Job scheduling uses a separate worker process model (worker.py). An AgentServer registers with LiveKit's server over a WebSocket, announces its current CPU load every 500ms via a moving average, and receives job assignments. Each job spins up in a subprocess by default (JobExecutorType.PROCESS). The load calculation is a singleton running in a daemon thread:

class _DefaultLoadCalc:
    def _calc_load(self) -> None:
        while True:
            cpu_p = self._cpu_monitor.cpu_percent(interval=0.5)
            with self._lock:
                self._m_avg.add_sample(cpu_p)

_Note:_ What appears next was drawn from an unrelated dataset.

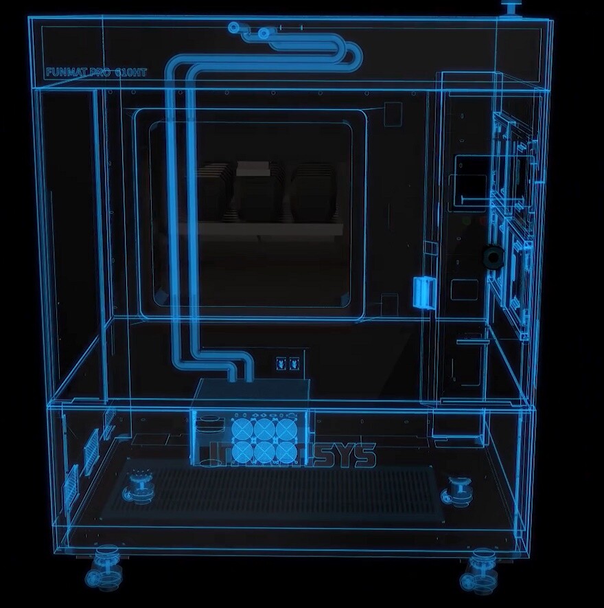 Funmat Pro 610HT оснащен рабочей камерой с активной регулировкой фоновой температуры в пределах до 300°C. Такой уровень необходим для корректной кристаллизации и набора прочности некоторых суперконструкционных термопластов, например полиэфирэфиркетона (PEEK) или полиэфиркетонкетона (PEKK). Высокая и стабильная температура по всему объему — 610х508х508 мм — обеспечивает максимальную когезию слоев, предотвращает коробление и растрескивание и помогает снимать внутренние напряжения, тем самым повышая итоговую прочность изделий.

This means LiveKit's dispatch can route new calls away from a saturated worker without any manual configuration.

Using it

pip install "livekit-agents[openai,silero,deepgram,cartesia,turn-detector]~=1.4"

A minimal voice agent:

from livekit.agents import Agent, AgentServer, AgentSession, JobContext, cli
from livekit.plugins import silero, deepgram, openai, cartesia

server = AgentServer()

@server.rtc_session()
async def entrypoint(ctx: JobContext):
    session = AgentSession(
        vad=silero.VAD.load(),
        stt=deepgram.STT(model="nova-3"),
        llm=openai.LLM(model="gpt-4o-mini"),
        tts=cartesia.TTS(),
    )
    agent = Agent(instructions="You are a helpful voice assistant.")
    await session.start(agent=agent, room=ctx.room)
    await session.generate_reply(instructions="greet the user")

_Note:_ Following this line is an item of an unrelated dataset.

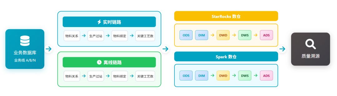 该制造商引入StarRocks作为质量溯源核心引擎,结合Spark SQL和Flink SQL构建高效数据处理流程:

if __name__ == "__main__":
    cli.run_app(server)

Multi-agent handoff is done by returning a new agent from a @function_tool:

@function_tool
async def transfer_to_billing(self, context: RunContext):
    """Transfer to the billing agent."""
    return BillingAgent(), "Transferring you now."

The test framework deserves mention. You can drive an agent session programmatically, feed it text or audio, and assert on the event sequence with an LLM judge:

result = await sess.run(user_input="I need help with my order.")
await (
    result.expect.next_event()
    .is_message(role="assistant")
    .judge(llm, intent="agent should ask for order number")
)

That's a meaningful testing primitive for non-deterministic systems.

Rough edges

The plugin surface is enormous — 60+ plugins in livekit-plugins/ — but quality is uneven. Some are clearly first-party and well-maintained (openai, deepgram, silero, cartesia). Others look like community contributions with minimal documentation and no tests. There's no signal in the repo about which plugins are considered stable vs experimental.

The framework requires a running LiveKit server. You can use LiveKit Cloud or self-host, but there's no local-only mode for development without a WebRTC room. If you just want to test your agent logic without spinning up WebRTC infrastructure, the AgentSession.run() testing API helps, but it's not immediately obvious from the docs that it exists.

Documentation is functional but incomplete in places. The RecordingOptions TypedDict in agent_session.py has better inline docs than anything in the official docs site.

Bottom line

If you're building a voice agent that needs to handle real conversations — interruptions, multiple speakers, agent handoffs, production-scale job routing — this framework has done the hard thinking. The dynamic endpointing and semantic turn detection alone make it worth examining, even if you end up only borrowing the ideas.